=== Task directions ===
Reproduce exactly the lines of this material that begin at the line with "या पार्श्वभूमीवर मार्क्सवादी" and end at the line with "電焊工、建筑電工、弱電工、木", both included. Omit the pictures and everything else.

=== Task input ===
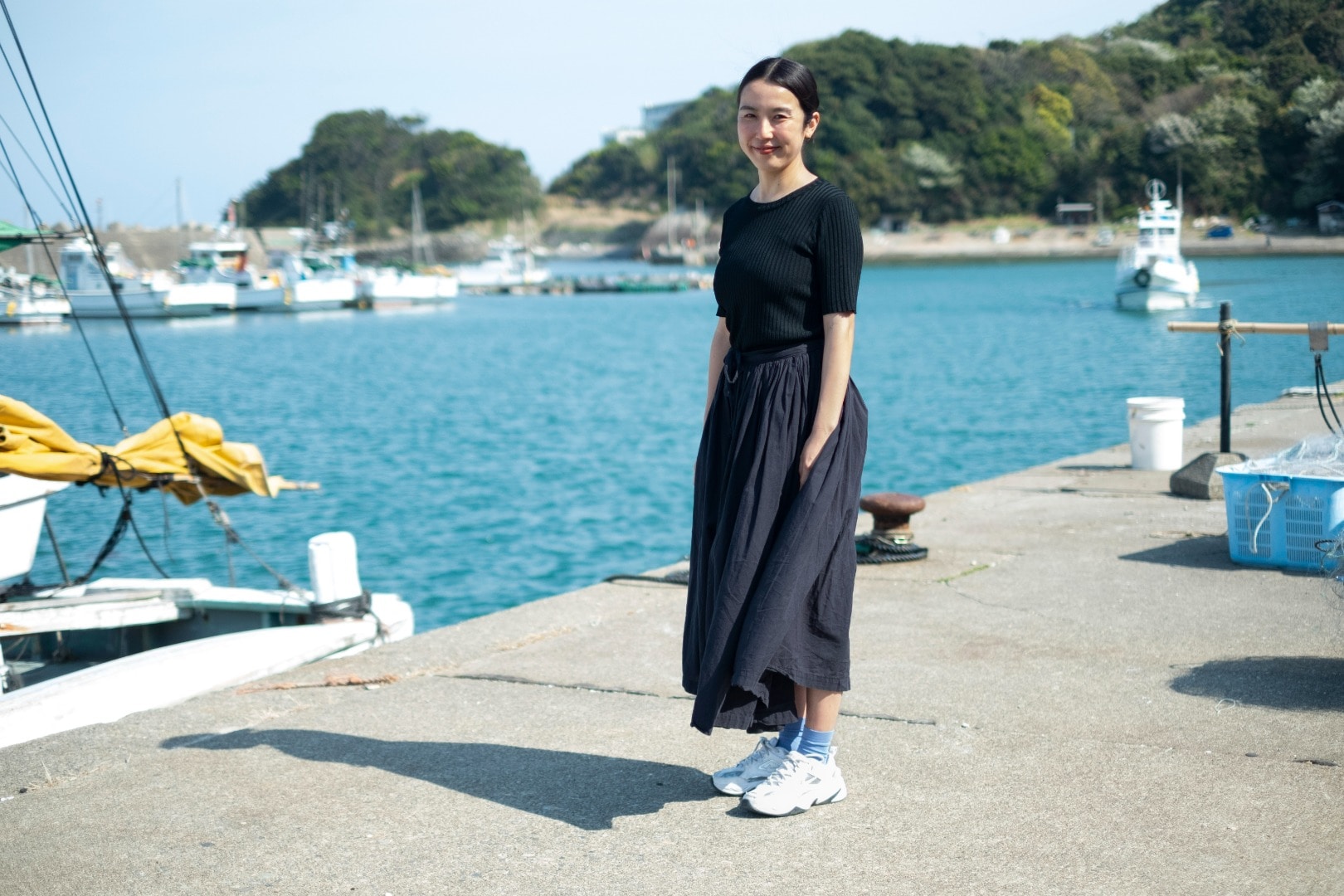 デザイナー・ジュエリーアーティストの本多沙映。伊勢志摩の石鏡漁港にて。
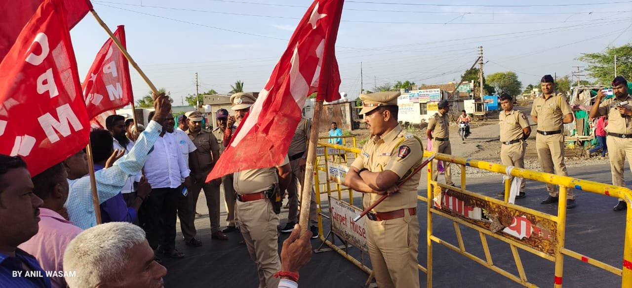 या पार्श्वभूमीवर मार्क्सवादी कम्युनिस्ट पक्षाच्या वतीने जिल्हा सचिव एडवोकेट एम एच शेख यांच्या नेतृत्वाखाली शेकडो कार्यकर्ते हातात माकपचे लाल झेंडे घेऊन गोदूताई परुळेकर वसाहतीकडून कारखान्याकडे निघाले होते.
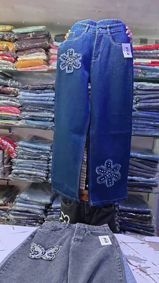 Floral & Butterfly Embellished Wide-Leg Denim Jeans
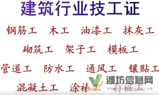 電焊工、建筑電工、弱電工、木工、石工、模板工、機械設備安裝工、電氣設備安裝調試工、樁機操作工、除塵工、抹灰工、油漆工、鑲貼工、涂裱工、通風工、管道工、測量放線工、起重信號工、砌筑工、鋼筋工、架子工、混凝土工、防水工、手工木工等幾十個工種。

---

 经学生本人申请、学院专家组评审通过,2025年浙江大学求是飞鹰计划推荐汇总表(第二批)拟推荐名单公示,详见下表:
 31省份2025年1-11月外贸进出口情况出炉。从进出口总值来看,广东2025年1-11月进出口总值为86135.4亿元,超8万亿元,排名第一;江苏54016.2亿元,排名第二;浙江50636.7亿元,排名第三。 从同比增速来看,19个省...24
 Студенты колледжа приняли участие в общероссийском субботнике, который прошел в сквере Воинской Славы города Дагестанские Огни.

...

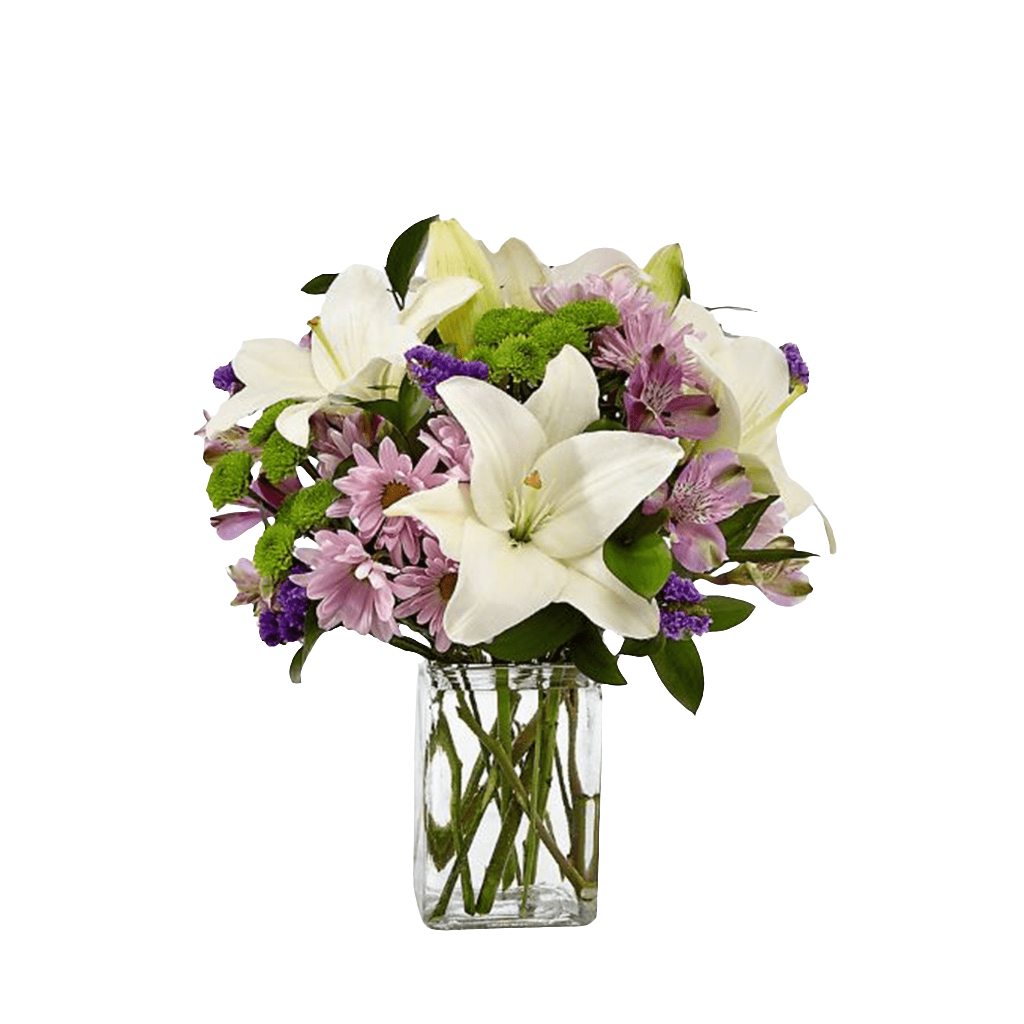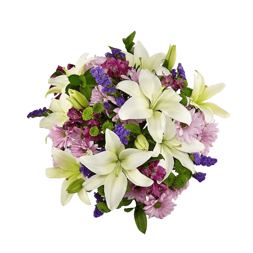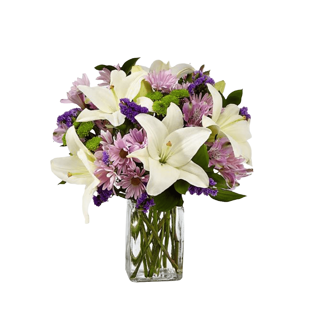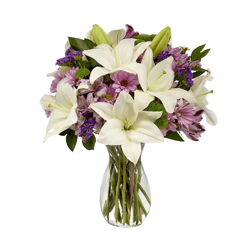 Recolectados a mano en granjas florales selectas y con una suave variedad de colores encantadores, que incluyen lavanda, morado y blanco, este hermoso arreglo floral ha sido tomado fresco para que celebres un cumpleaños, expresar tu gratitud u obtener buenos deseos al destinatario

=== The answer ===
 या पार्श्वभूमीवर मार्क्सवादी कम्युनिस्ट पक्षाच्या वतीने जिल्हा सचिव एडवोकेट एम एच शेख यांच्या नेतृत्वाखाली शेकडो कार्यकर्ते हातात माकपचे लाल झेंडे घेऊन गोदूताई परुळेकर वसाहतीकडून कारखान्याकडे निघाले होते.
 Floral & Butterfly Embellished Wide-Leg Denim Jeans
 電焊工、建筑電工、弱電工、木工、石工、模板工、機械設備安裝工、電氣設備安裝調試工、樁機操作工、除塵工、抹灰工、油漆工、鑲貼工、涂裱工、通風工、管道工、測量放線工、起重信號工、砌筑工、鋼筋工、架子工、混凝土工、防水工、手工木工等幾十個工種。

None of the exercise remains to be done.